━━━━━ Information shown

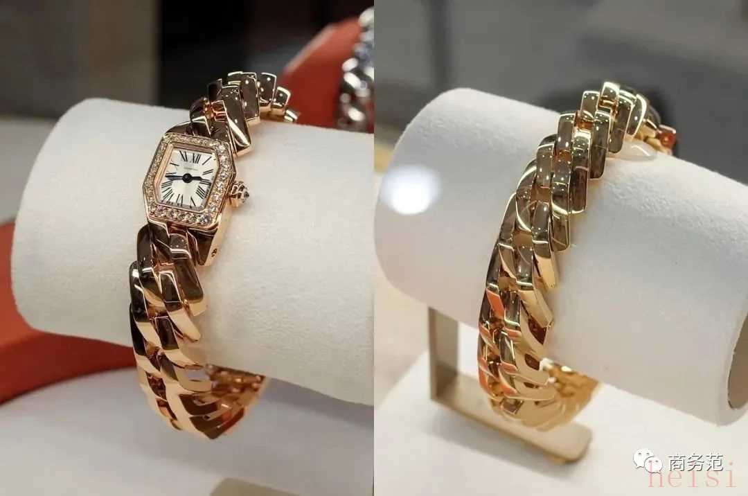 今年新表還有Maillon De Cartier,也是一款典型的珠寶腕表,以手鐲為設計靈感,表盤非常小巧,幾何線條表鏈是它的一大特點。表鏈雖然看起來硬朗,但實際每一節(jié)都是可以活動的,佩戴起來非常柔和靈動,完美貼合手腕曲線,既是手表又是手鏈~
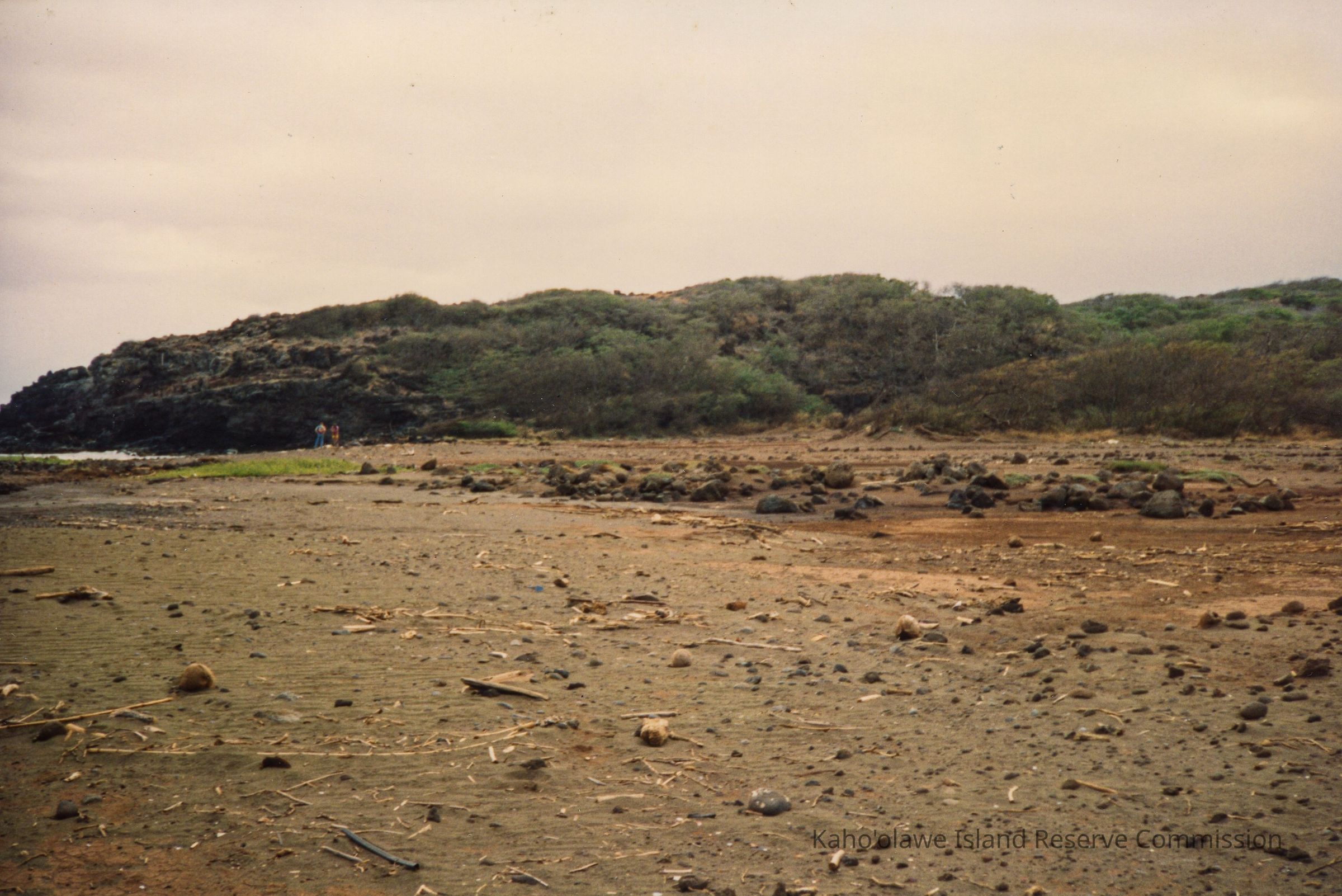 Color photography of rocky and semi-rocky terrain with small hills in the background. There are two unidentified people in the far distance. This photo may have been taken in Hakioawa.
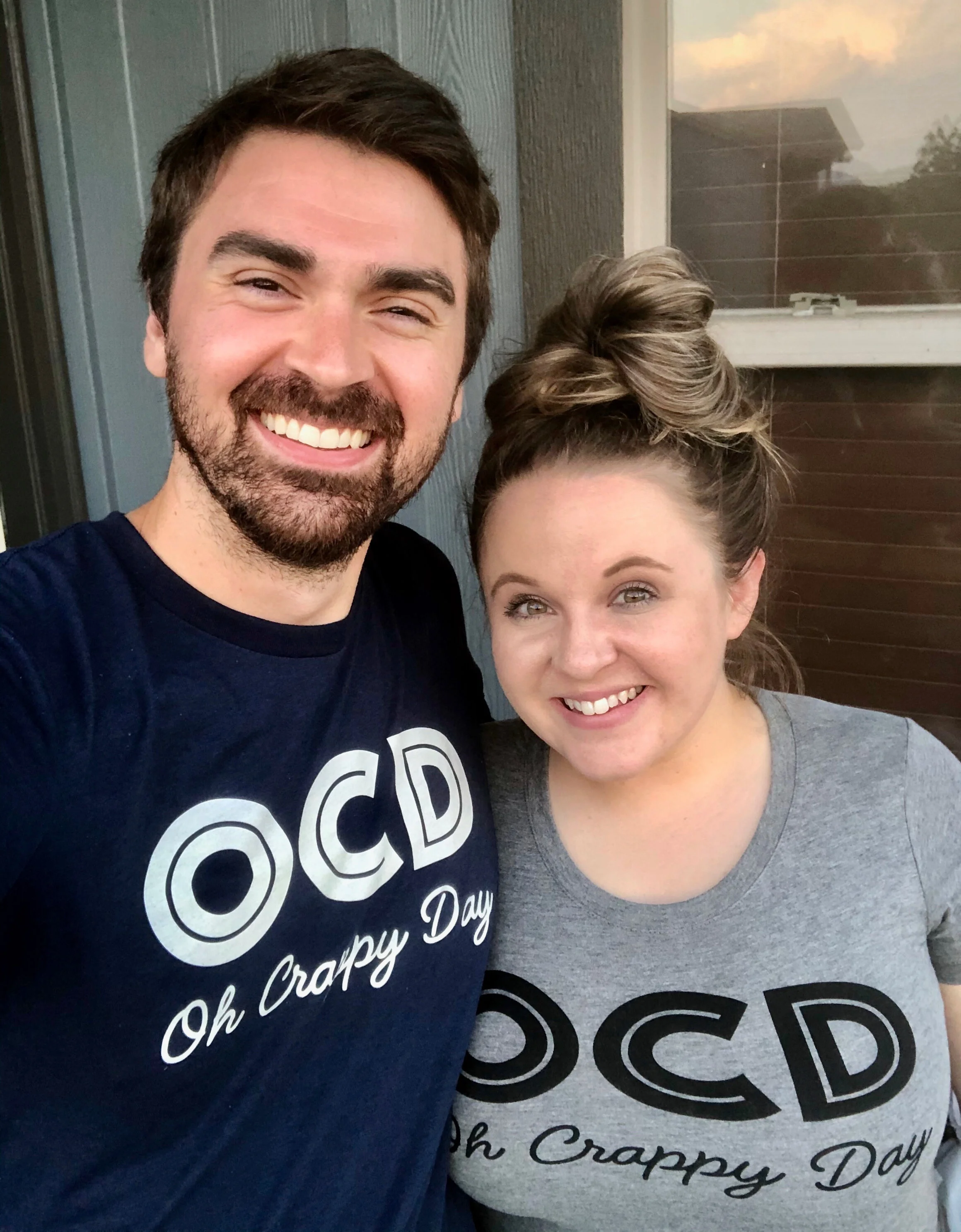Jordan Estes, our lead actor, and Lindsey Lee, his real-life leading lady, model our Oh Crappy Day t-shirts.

━━━━━━━━━━

I'd like the data above duplicated exactly, with no pictures included.

 今年新表還有Maillon De Cartier,也是一款典型的珠寶腕表,以手鐲為設計靈感,表盤非常小巧,幾何線條表鏈是它的一大特點。表鏈雖然看起來硬朗,但實際每一節(jié)都是可以活動的,佩戴起來非常柔和靈動,完美貼合手腕曲線,既是手表又是手鏈~
 Color photography of rocky and semi-rocky terrain with small hills in the background. There are two unidentified people in the far distance. This photo may have been taken in Hakioawa.
Jordan Estes, our lead actor, and Lindsey Lee, his real-life leading lady, model our Oh Crappy Day t-shirts.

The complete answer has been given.